Но Бакы видел, что не убедил его.
Белые люди стояли у буфета. Женщина преданно прижималась к мужчине обнаженным локтем. И плечи, и колени ее, округлые, как белая булка, обнажены, загар еще не коснулся молочной кожи. На ней не больше метра нежного прозрачного крепдешина. «Срам!» — отворачивались в сторону проходившие мимо женщины, закутанные плотной материей до пят, до запястьев, до шей. А мужья подшучивали: «Учились бы экономить материал, как жена врача!»
Врач, попавший в это захолустье по распределению, был высок, спортивен, светловолос, а одет лучше, чем казах. Он стоял с прекрасной своей женой в очереди, чтоб купить пачку хороших сигарет, а жене-богине — шоколад.
Бакы и Сур стояли за ними, чтобы вымолить у буфетчика пачку дешевых сигарет. Из заднего кармана отлично отутюженных брюк врача выглядывали червонцы, совершенно новенькие, красные, — так и жалили, как шмели. «Смотри, можно спокойно вынуть, незаметно, и смыться в темные аллеи!» — прошептал Сур. Бакы едва сдерживался от жуткого соблазна, жгучего греха.
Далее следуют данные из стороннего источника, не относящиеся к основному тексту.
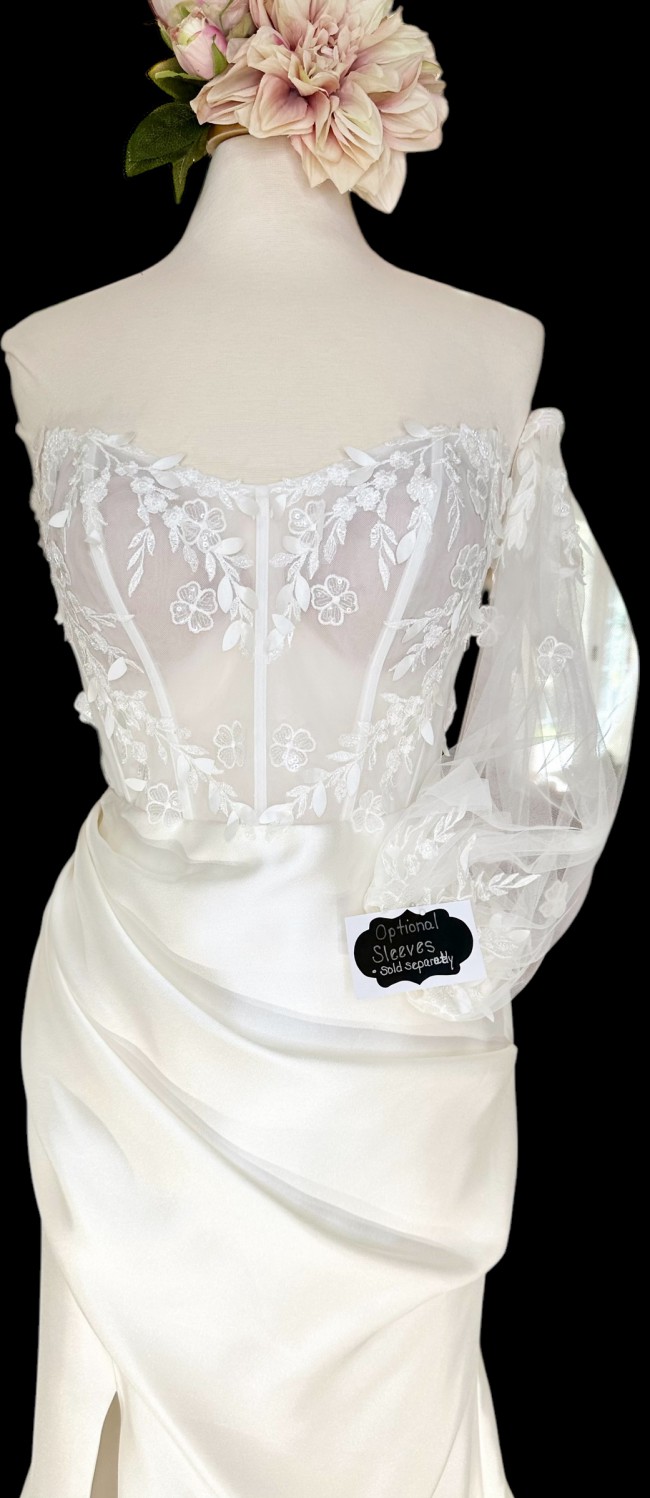 Twyla by Rebecca Ingram is a beautiful Elodie Mikado dress. *The strapless cat eye neckline is enhanced with sheer organza-lined bodice and beaded 3-D lace motifs with exposed boning detail. *Detachable off-the-shoulder long illusion balloon sleeves are sold separately.

Сур тыкал ему в бок: «Ну, чего ты, давай!»
Закрыв глаза, он медленно протянул руку, и в последний момент отдернул, сильно обжегшись. В кармане врача были не червонцы, а жар, горящие угли, они обожгли. Бакы отскочил от буфета на несколько шагов, потряхивая рукой, потом сунул пальцы в рот, а когда, вынув, посмотрел, на них были волдыри.
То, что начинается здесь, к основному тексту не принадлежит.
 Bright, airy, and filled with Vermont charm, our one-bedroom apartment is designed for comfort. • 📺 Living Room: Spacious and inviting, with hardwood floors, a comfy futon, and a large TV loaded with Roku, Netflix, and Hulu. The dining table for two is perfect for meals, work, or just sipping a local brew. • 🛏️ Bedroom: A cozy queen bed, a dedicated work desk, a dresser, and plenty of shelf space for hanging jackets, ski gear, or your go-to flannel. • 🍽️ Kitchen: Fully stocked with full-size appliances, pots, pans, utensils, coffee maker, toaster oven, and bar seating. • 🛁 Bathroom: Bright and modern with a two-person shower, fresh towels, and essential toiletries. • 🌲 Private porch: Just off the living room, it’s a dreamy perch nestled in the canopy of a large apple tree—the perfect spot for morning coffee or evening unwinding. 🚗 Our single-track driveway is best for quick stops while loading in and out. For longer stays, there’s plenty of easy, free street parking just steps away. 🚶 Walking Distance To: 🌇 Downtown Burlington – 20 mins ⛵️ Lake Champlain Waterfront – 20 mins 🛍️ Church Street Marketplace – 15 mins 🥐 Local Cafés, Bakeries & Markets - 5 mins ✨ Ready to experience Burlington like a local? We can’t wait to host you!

— Видишь, какое извращенное представление создают! — сказал Пузанчик, ткнув пальцем в книгу.— Кто это пишет? Зачем? Черный человек это пишет, чтобы рассорить народы! Черная цель у него: натравить народы друг на друга и погреть на этом руки. Видишь, как тонко подает: стреляет в одну цель, чтоб рикошетом попало в другую. Я бы его убил, гада! А ведь это не трудно: поехал в Москву, узнал адрес, подкараулил в подъезде и... Древние народы, молодые народы! Чем же дряхлым быть лучше? Молодость — это же хорошо! До нас здесь жили иранцы, жили скученно в городах, занимались земледелием. Но разве это значит, что они были культурнее нас, степняков? Видишь, как он нас назвал! Что, у нас не было своей кочевой культуры? Мы, оказывается, степняки! Мы — юная, бесхитростная, светлая сила — пришли из благоуханных степных просторов и влили родниковую алтайскую, байкальскую свежесть в затхлые пруды их городов, потонувших в излишествах, рутине, грехах! У тюрков была своя высшая миссия!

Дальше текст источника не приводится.